If you look at the heart, you’ve got the right and left atrium up top, and the right and left ventricles down low. Each of these pairs is separated by a wall, called a septum. A ventricular septal defect is when this lower wall—the ventricular septum—has a gap in it after development. 

The septum is formed during development as this muscular ridge of tissue grows upward from the apex, or the tip, and then fuses with a thinner membranous region coming down from the endocardial cushions. Voila—two separate chambers. If these don’t fuse though, then a gap is left between the two chambers; in other words, a ventricular septal defect, or VSD. The majority of cases are caused by a defect in the membranous portion of the septum.

Among babies, VSDs are actually the most common congenital defect overall, but 30 to 50% of VSDs can spontaneously close during childhood, which makes ventricular defects less common with adults. VSDs are associated with fetal alcohol syndrome and Down syndrome, and are often associated with other cardiac deformities as well. 
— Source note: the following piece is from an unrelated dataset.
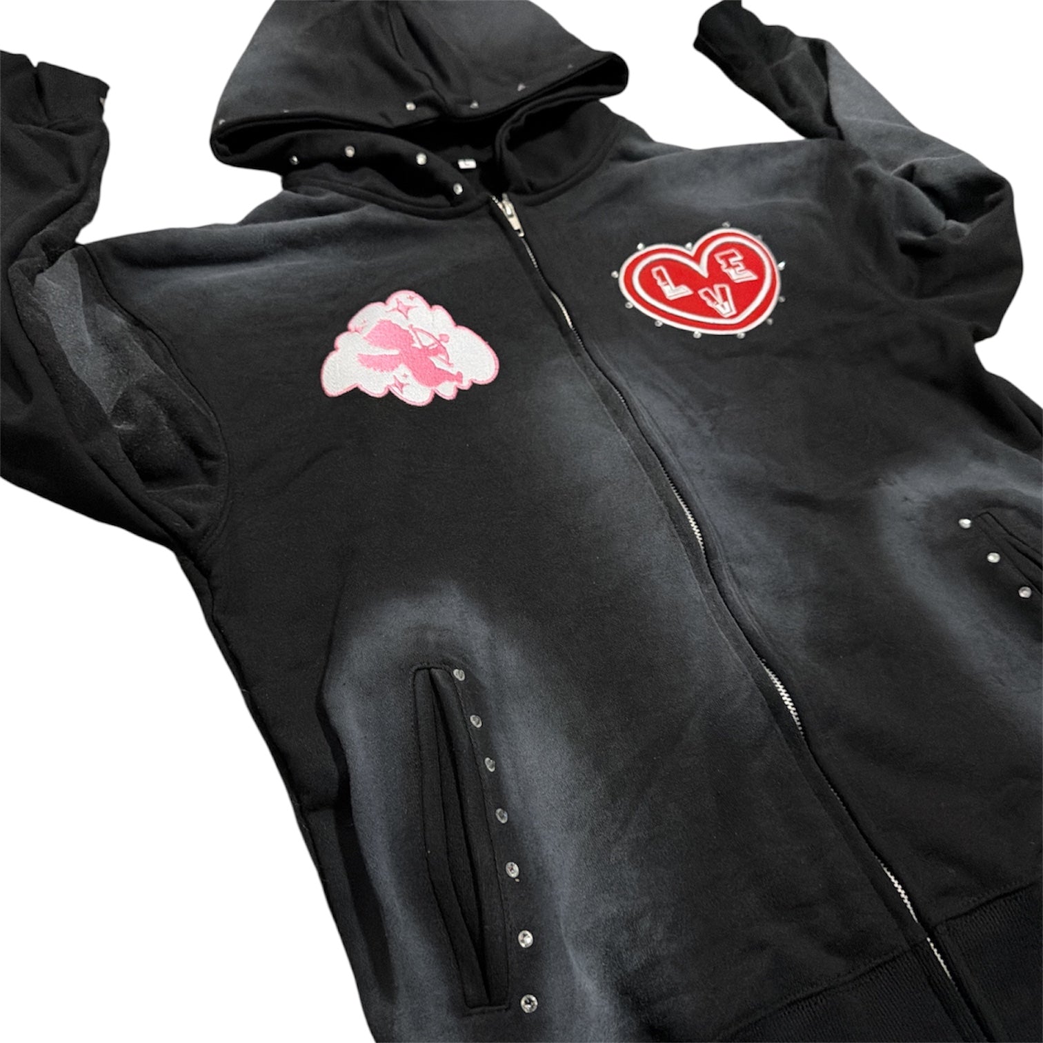 SUNFADED BLACK ZIP UP HOODIE

Alright so now let’s check out what happens with blood flow, now that there’s this opening between the two ventricles. I’m going to actually switch to this super duper simplified heart instead, just because it’s easier to show what’s going on with blood flow. Alright, so deoxygenated blood comes from the body to the right atrium, and then flows down into the right ventricle, where now it can either be pumped out to the lungs, as normal, or pop over to the left ventricle. Since the pressure on the left side of the heart is actually higher than on the right, and blood likes to flow from high pressure to low pressure, it actually prefers to just keep going on to the lungs. When oxygenated blood comes back from the lungs to the left atrium, and then the left ventricle, now again, it’s got two choices: it can either be pumped out to the body, or flow over to the right ventricle through the gap. Since now it’s in the left ventricle which has higher pressure, some of the blood flows over to the lower-pressure right ventricle, so a left-to-right shunt has been set up, where oxygenated blood takes an extra trip to the lungs.

Key Takeaways

Ventricular septal defect (VSD) is a type of congenital heart defect that affects the septum, the wall that separates the two ventricles of the heart. In VSD, there is an abnormal opening in the septum that allows blood to flow between the two ventricles. This results in increased blood flow to the lungs, causing pulmonary hypertension and, in severe cases, heart failure. VSD is typically diagnosed during infancy or childhood, and imaging tests such as echocardiography or cardiac catheterization may be used to confirm the diagnosis. Treatment options for VSD depend on the size and location of the defect, and can include medications, surgery, or catheter-based procedures to close the hole and restore normal blood flow in the heart.